> Problem requirements
Reproduce the entire listing exactly. Leave the pictures out.

(Given data Opens)

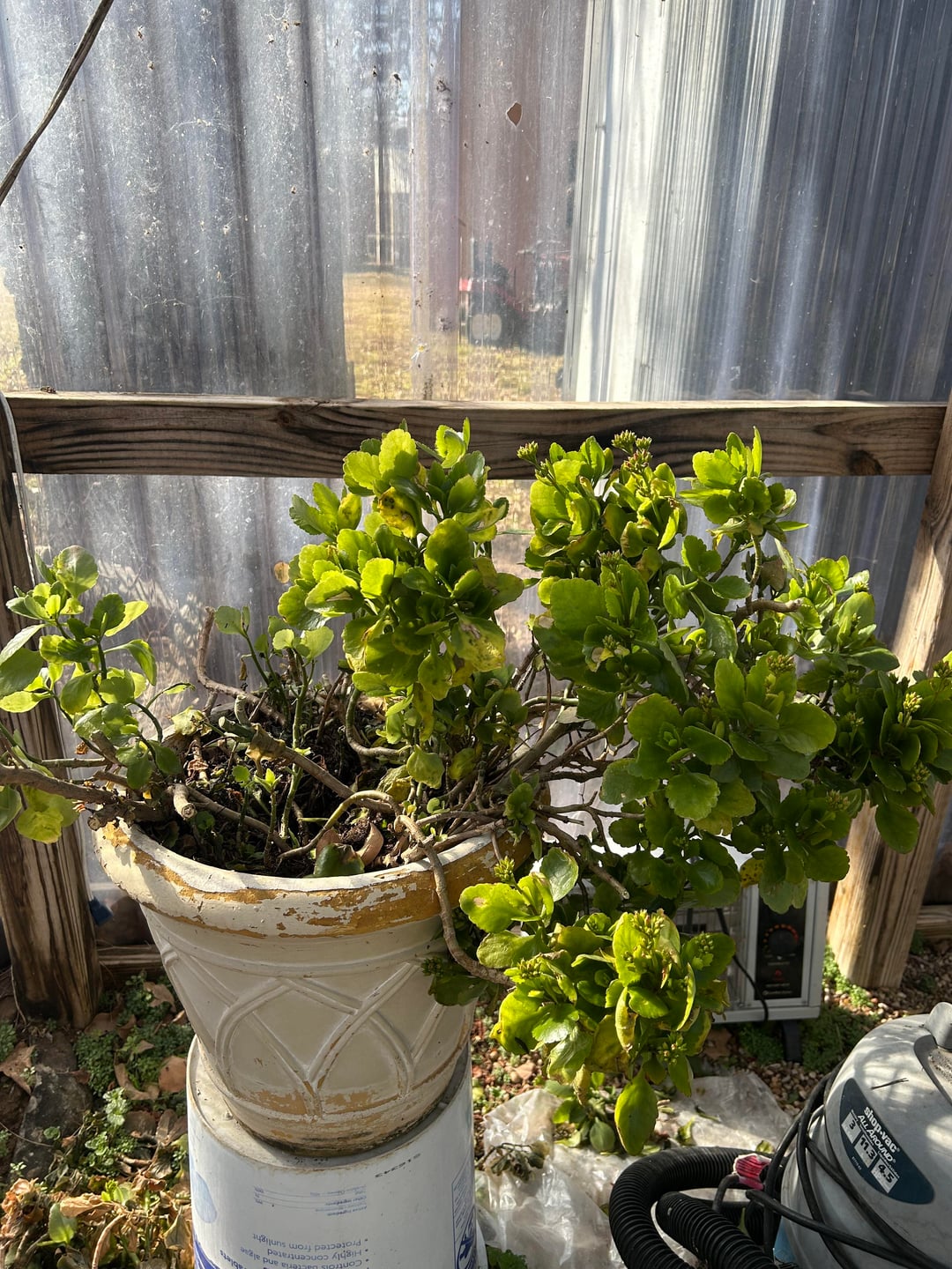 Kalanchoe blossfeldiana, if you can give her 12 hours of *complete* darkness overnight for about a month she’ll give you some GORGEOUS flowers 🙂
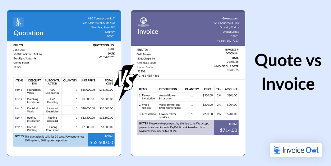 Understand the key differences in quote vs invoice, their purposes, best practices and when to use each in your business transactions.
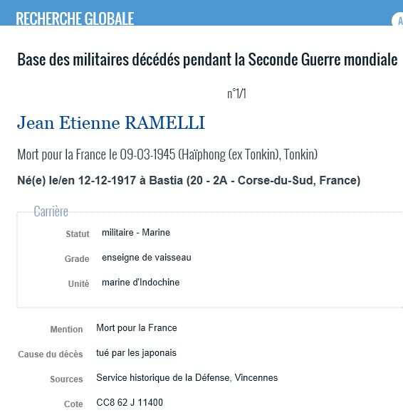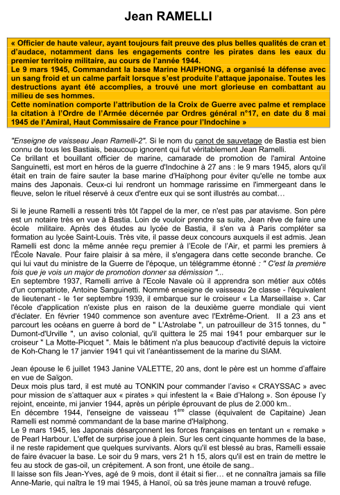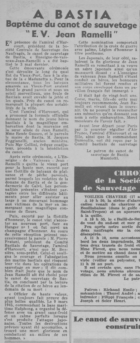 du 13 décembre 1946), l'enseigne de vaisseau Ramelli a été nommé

(Given data Closes)

> Exercise response
 Kalanchoe blossfeldiana, if you can give her 12 hours of *complete* darkness overnight for about a month she’ll give you some GORGEOUS flowers 🙂
 Understand the key differences in quote vs invoice, their purposes, best practices and when to use each in your business transactions.
 du 13 décembre 1946), l'enseigne de vaisseau Ramelli a été nommé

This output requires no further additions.